### Problem requirements
As the answer, return precisely the lines from the one containing "美国城市新闻网报道:4月4日" to the final line of the material below, inclusive, and omit every picture.

### Supplied data

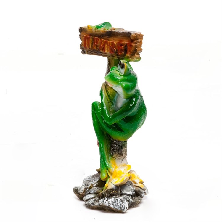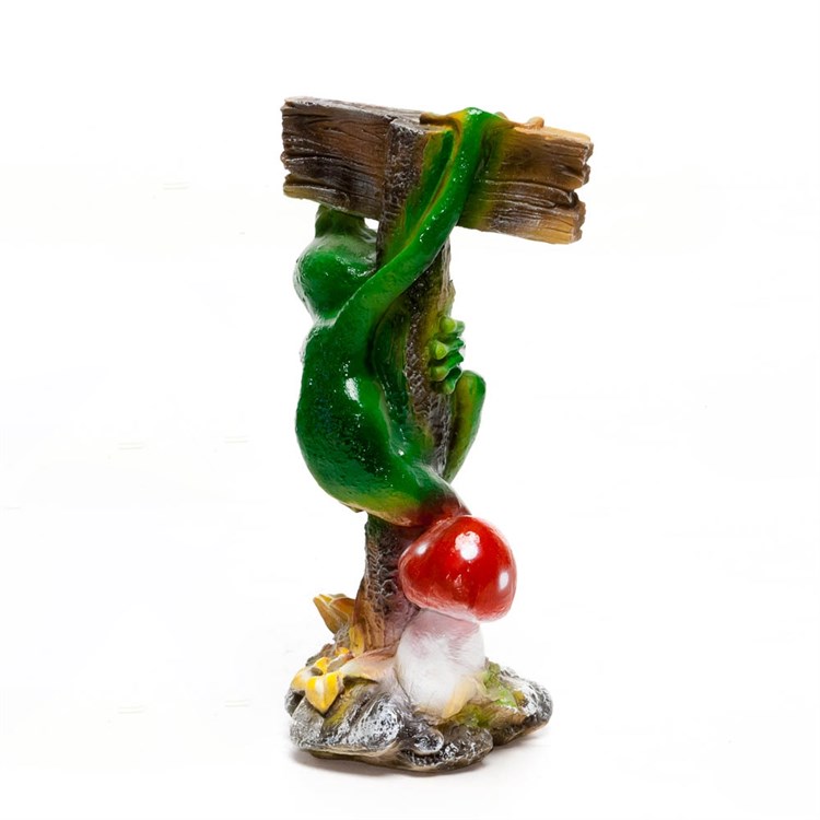 Садовая фигурка Лягушка с табличкой. Материал изготовления: полистоун (влагостойкий). Фигура подходит для декора садовых участков, оформления зоны рядом с водоемом или прудом на даче.
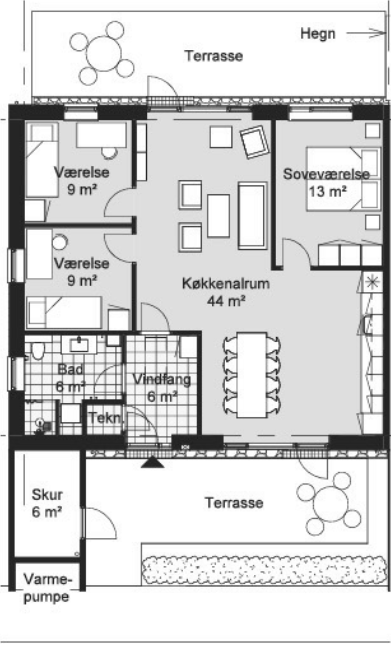 Boligerne varmes op med varmepumpe, og der er gulvvarme i alle rum. Det er tilladt at have én hund eller kat med i boligen.
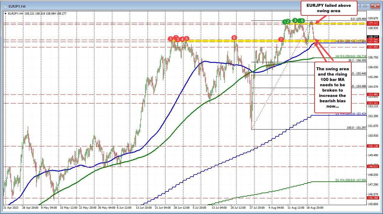 In the US session the price has continued its move to new session lows where the pair's price is testing a lower swing area between 157.90 and 158.046. Also in play is the rising 100 bar moving average on the 4 hour chart (see blue line in the chart below). The low price has reached 159.09 (just above the high of that area) and is bouncing modestly (see red numbered circles on the chart below).
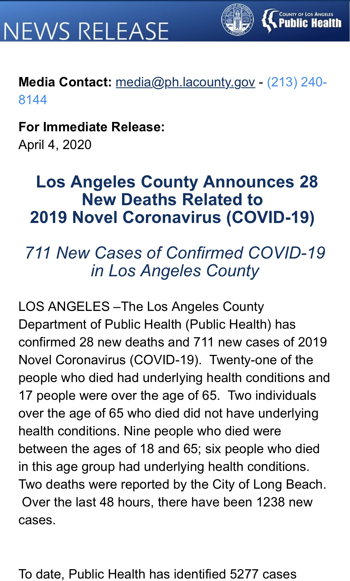美国城市新闻网报道:4月4日,洛杉矶郡公共卫生局刚刚发布,今天已确认新型冠状病毒有28个新增死亡病例...
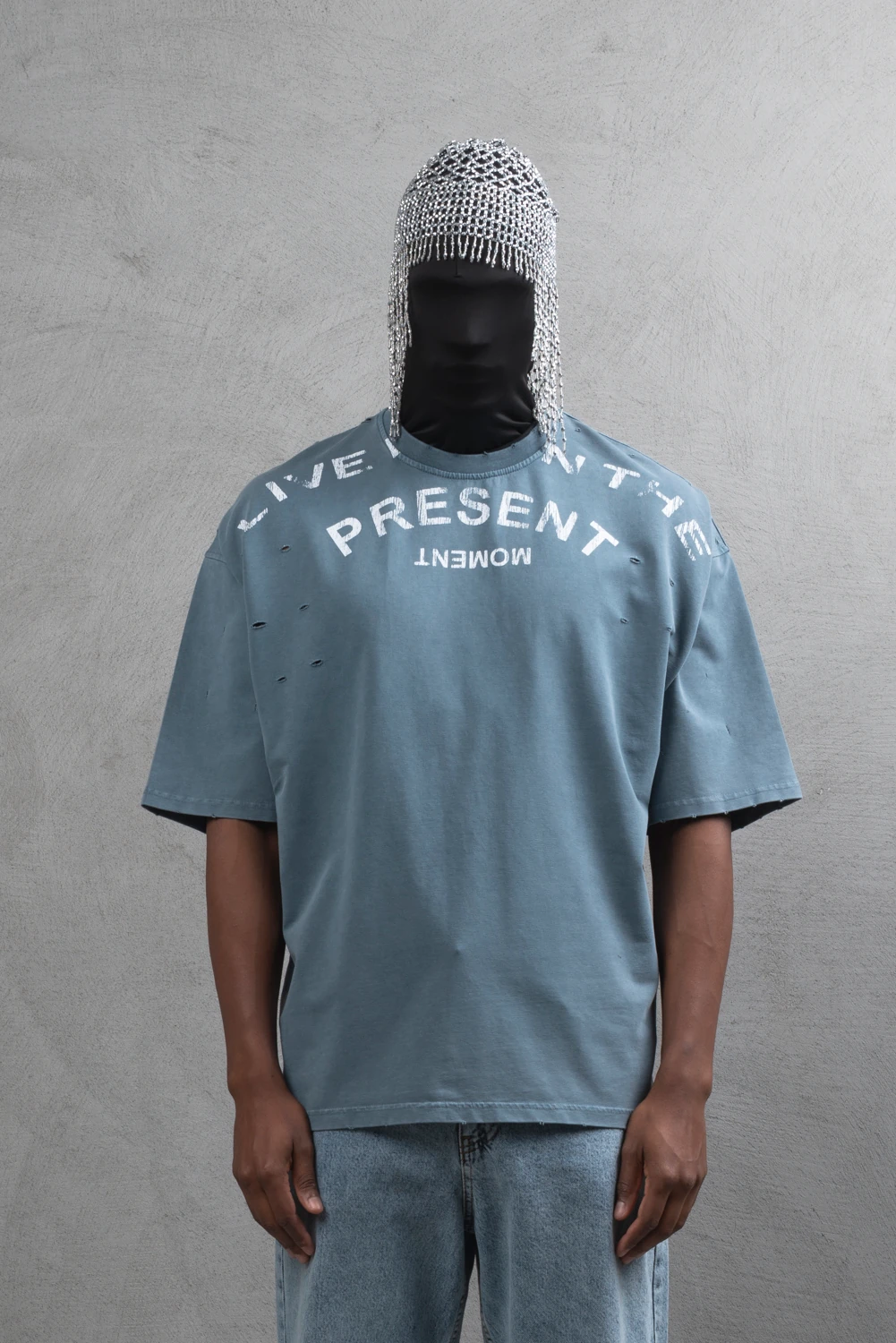 Maksim Oversize Yazı Baskılı Yıkamalı Tişört | 10032 - Buz Mavi

### Answer box
美国城市新闻网报道:4月4日,洛杉矶郡公共卫生局刚刚发布,今天已确认新型冠状病毒有28个新增死亡病例...
 Maksim Oversize Yazı Baskılı Yıkamalı Tişört | 10032 - Buz Mavi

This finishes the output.